The reaction principle and reaction conditions involved in the catalytic degradation, desulfurization and the like of organic sulfur are all conventional in the art, and the raw materials involved in each reaction process are substances contained in the processed gas on one hand and substances added on the other hand, for example but not limited to, catalysts used in catalytic conversion towers can be selected from aluminum-based, titanium-based and noble metal catalysts and mixtures of various types, more specifically, for example, al 2 O 3 Based on, tiO 2 One or a mixture of the groups, and impregnating a certain amount of alkali metal, alkaline earth metal, transition metal or the like; the desulfurizing agent in the desulfurizing tower can be selected from ferric oxide, zinc oxide and manganese oxideA mixture of one or more of activated carbon and molecular sieves, and the like. The corresponding equipment used for carrying out the above reactions, namely catalytic converter towers and desulfurizing towers, are well known to those skilled in the relevant arts.

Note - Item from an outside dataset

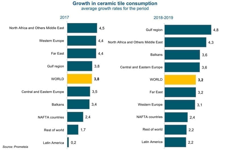 The Confindustria Ceramica-Prometeia forecasting report for November/December 2017 paints an encouraging overall picture for the world building industry. Despite a slight slowdown compared to the above 4% growth recorded in 2016, global investments in residential building are expected to remain buoyant over the two-year period 2017-2018 with a CAGR of around 3.5%, largely driven by Asia, NAFTA and the MENA (Middle East and North Africa) region. This makes for an equally positive outlook for world ceramic tile demand, with global consumption expected to grow at an annual rate higher than 4%.

In a specific scheme, the temperature in the catalytic conversion tower is 60-120 ℃, preferably 70-90 ℃; the temperature in the desulfurizing tower is 30-70 ℃, preferably 40-50 ℃;
in order to achieve the effect of energy and water conservation, on the basis of the scheme, the invention recovers and purifies the spraying waste liquid (the waste liquid contains condensed water in the gas) in the dechlorination and dust removal tower by controlling the temperature of the gas outlet of the dechlorination and dust removal tower, the temperature of the gas entering the catalytic tower and the temperature of the gas entering the desulfurizing tower, and the purified waste liquid is used as a cooling medium for controlling the temperature of the gas to recover energy; and the condensed water in the blast furnace gas is contained in the spray waste liquid, so that the water of the whole process is saved.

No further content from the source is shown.